Think of the segment address as the starting position of the 8086/8088's 64K blinders. Typically, you'll move the blinders to encompass the location where you wish to work, and then leave the blinders in one place while moving around within their 64K limits. This is exactly how registers tend to be used in 8086/8088 assembly language. The 8088, 8086, and 80286 have exactly four segment registers specifically designated as

holders of segment addresses. (The 386 and 486 have two more—but we'll return to that in Chapter 11.) Each segment register is a 16-bit memory location existing within the CPU chip itself. No matter what the CPU is doing, if it's addressing some location in memory, the segment address of that location is present in one of the four segment registers.

The segment registers have names that reflect their general functions: CS DS, SS, and ES.

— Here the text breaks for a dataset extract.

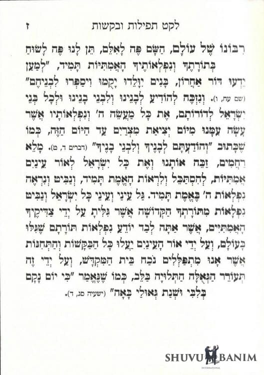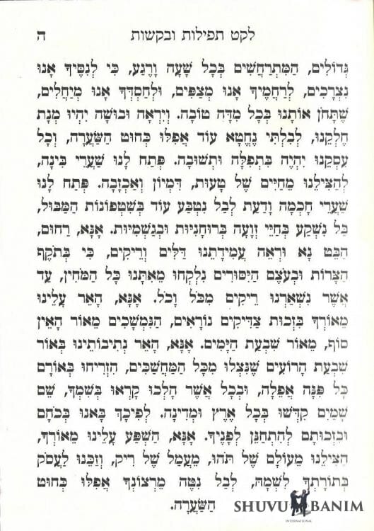 Ribono Shel Olam â Master of the World â Who revives the dead with abundant mercy, Living G-d and King of the World. Have mercy upon us, revive us and sustain us, sanctify us and purify us from the impurity of the dead, which is the father of fathers of impurity, until theories of natural cause and effect will be subdued and nullified, since from there is the hold of the Sitra Achra (the Other Side â i.e. the side of evil), and let us merit to believe in Your holy miracles, in the exodus from Egypt and in the splitting of the Red Sea, [that] we will believe that everything behaves through Your wondrous divine providence with no natural means whatsoever, that everything is conducted in a way so that Your uniqueness and unity will be revealed in the world. Then You will do with us miracles and wonders for good; You will shed two tears into the Great Sea and put a total end to all the idolaters who are persecuting us. We will sing a new song to You about our redemption and the redemption of our souls, a song of divine providence, a song of wonders. Merciful and Gracious â Please, hear our prayers, donât toss us away from before You in old age. In the end of generations, hurry please to redeem us, and show to us wonders and salvations, and our eyes shall behold great miracles which happen at every hour and moment; because we need Your miracles, we await Your mercy, we long for Your kindness, that You should grace us with every good trait, and that fear and contrition should be our portion, that we shouldnât sin again â even a hairsbreadth â and all our involvement will be in prayer and repentance. Open for us gates of understanding, to save us from a life of error, delusion, and disappointment. Open for us gates of wisdom and knowledge, that we should no longer drown in floods of the deluge, to not sink into a life [thatâs] abhorrent spiritually and physically. Please, Merciful, look now and see our poor and destitute state, because on account of the distress and the harshness of the suffering, all the mochin (mentalities â i.e. intelligence) have been taken from us to the point that we have been left empty of everything. Please, shine Your light upon us in the merit of awesome Tzadikim who are drawn from the light of Ain Sof (the Infinite), from the light of the Seven Days [of Creation]. Please, illuminate our way with the light of the Seven Shepherds who were saved from all darkness, who illuminate with their light every dark corner, and in everything they did they called in Your Name; the Name of heaven they sanctified in every land and nation. Therefore, we come through their power and in their merit to plead before You. Please, bestow upon us from Your light, save us from a world of chaos, from toiling for naught, and let us merit to engage in Your Torah for its own sake, without straying from Your will even a hairsbreadth. G-d, exalted, uplifted, and abundantly able to save â Save us speedily and redeem us also in this generation, as we are today, even if we arenât worthy of any miracle or change in nature. Even so, nothing is beyond You, and You perform miracles and wonders beyond measure in every single generation and on every single day for the worthy and unworthy when they scream to You in truth and sincerity, and search for the true Tzadik with all their heart and soul â the Tzadik who is an aspect of âand the man Moshe was very humble, more so than any person on the face of the earthâ (Bamidbar 12:3); that he is an aspect of dust and ashes, who threw straw and it turned into arrows, dust and it became swords. And when we reveal a Tzadik like this, then our souls will be precious in Your eyes, and despite us being inadequate â in truth like dust and ashes â save us.  Specifically from the midst of our lowliness and inadequacy, shine Your light for us and redeem us, and fulfill in us: âG-d awoke like one who was sleeping, like a warrior rousing himself from wine. He struck his enemies into retreat, eternal disgrace He gave to themâŚÂ He chose the tribe of Yehuda, Mount Zion which He loves. He built his Temple like the high heavens, like the earth He established foreverâ (Tehilim 78: 65-69). Then You will return and build for us our Temple, and return us to our land, to our holy city, âBring our scattered ones close from amongst the nations. Gather our dispersed ones from the ends of the earth, and bring us to Zion our city in gladness, to Jerusalem, Your Temple with eternal happiness.â Ribono Shel Olam â Master of the World! Place a mouth for the mute. Give us a mouth to speak of Your Torah and Your true wonders always, âso that the last generation will know, children will be born, will rise and tell their childrenâ (Tehilim 78:6). Let us merit to make known to our children, and to our childrenâs children, and to all the children of Israel for their generations all Hashemâs works and wonders which He has done for us from the day of the exodus from Egypt until this day, as itâs written, âYou shall make them known to your children and to your childrenâs childrenâ (Devarim 4:9). Full of Mercy â Let us and all Israel merit to the true light of the eyes, to look and see the truth always, and we will glance and see the wonders of Hashem in truth, always. Open my eyes and the eyes of all Israel [so that] we shall see the wonders of Your holy Torah which You revealed through Your true Tzadikim â that You alone know of the wonders of their Torah which they revealed in the world; and through the light of the eyes, all the requests and supplications which we pray opposite the Holy Temple will ascend, and through this the redemption, which is dependent on the heart, will be aroused, as is written, âBecause a day of vengeance is in My heart and the year of My redemption has comeâ (Yeshayahu 63:4).

• CS stands for Code Segment. Machine instructions exist at some offset into a code segment. The segment address of the code segment of the currently executing instruction is contained in CS.

• DS stands for Data Segment. Variables and other data exist at some offset into a data segment. There may be many data segments, but the CPU may only use one at a time, by placing the segment address of that segment in register DS.

• SS stands for Stack Segment. The stack is a very important component of the CPU used for temporary storage of data and addresses. I'll explain how the stack works a little later; for now simply understand that, like everything else within the 8086/8088's megabyte of memory, the stack has a segment address, which is contained in SS.

• ES stands for Extra Segment. The extra segment is exactly that: a spare segment that may be used for specifying a location in memory.

General-Purpose Registers

The segment registers exist only to hold segment addresses. They can be forced to do a few other things, but by and large segment registers should be considered specialists in "segment address containing." The 8086/8088 CPU has a crew of generalist registers to do the rest of the work of assembly-language computing. Among many other things, these general-purpose registers are used to hold the offset addresses that must be paired with segment addresses to pin down a single location in memory.

Like the segment registers, the general-purpose registers are memory loca-tions existing inside the CPU chip itself. They all have names rather than numeric addresses: AX, BX, CX, DX, SP, BP, SI, and DI. The general-purpose registers really are generalists in that all of them share a large suite of capabilities. However, each of the general-purpose registers also has what I call its "hidden agenda": a task or set of tasks that only it can perform.

I'll explain all these hidden agendas as I go. For now, we'll concentrate on the role of the general-purpose registers in addressing memory.